Recurrent Neural Networks for Learning Long-term Temporal Dependencies
with Reanalysis of Time Scale Representation
- URL: http://arxiv.org/abs/2111.03282v1
- Date: Fri, 5 Nov 2021 06:22:58 GMT
- Title: Recurrent Neural Networks for Learning Long-term Temporal Dependencies
with Reanalysis of Time Scale Representation
- Authors: Kentaro Ohno, Atsutoshi Kumagai
- Abstract summary: We argue that the interpretation of a forget gate as a temporal representation is valid when the gradient of loss with respect to the state decreases exponentially as time goes back.
We propose an approach to construct new RNNs that can represent a longer time scale than conventional models.

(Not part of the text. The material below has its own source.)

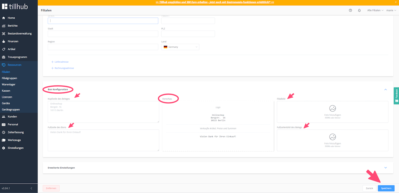 In diesem Abschnitt erklären wir Ihnen, wie Sie Ihren Kassenbon konfigurieren und weitere Filialen in Ihrem Dashboard-Account anlegen können.

- Score: 16.32068729107421
- License: http://creativecommons.org/licenses/by/4.0/
- Abstract: Recurrent neural networks with a gating mechanism such as an LSTM or GRU are
powerful tools to model sequential data. In the mechanism, a forget gate, which
was introduced to control information flow in a hidden state in the RNN, has
recently been re-interpreted as a representative of the time scale of the
state, i.e., a measure how long the RNN retains information on inputs. On the
basis of this interpretation, several parameter initialization methods to
exploit prior knowledge on temporal dependencies in data have been proposed to
improve learnability. However, the interpretation relies on various unrealistic
assumptions, such as that there are no inputs after a certain time point. In
this work, we reconsider this interpretation of the forget gate in a more
realistic setting. We first generalize the existing theory on gated RNNs so
that we can consider the case where inputs are successively given. We then
argue that the interpretation of a forget gate as a temporal representation is
valid when the gradient of loss with respect to the state decreases
exponentially as time goes back. We empirically demonstrate that existing RNNs
satisfy this gradient condition at the initial training phase on several tasks,
which is in good agreement with previous initialization methods. On the basis
of this finding, we propose an approach to construct new RNNs that can
represent a longer time scale than conventional models, which will improve the
learnability for long-term sequential data. We verify the effectiveness of our
method by experiments with real-world datasets.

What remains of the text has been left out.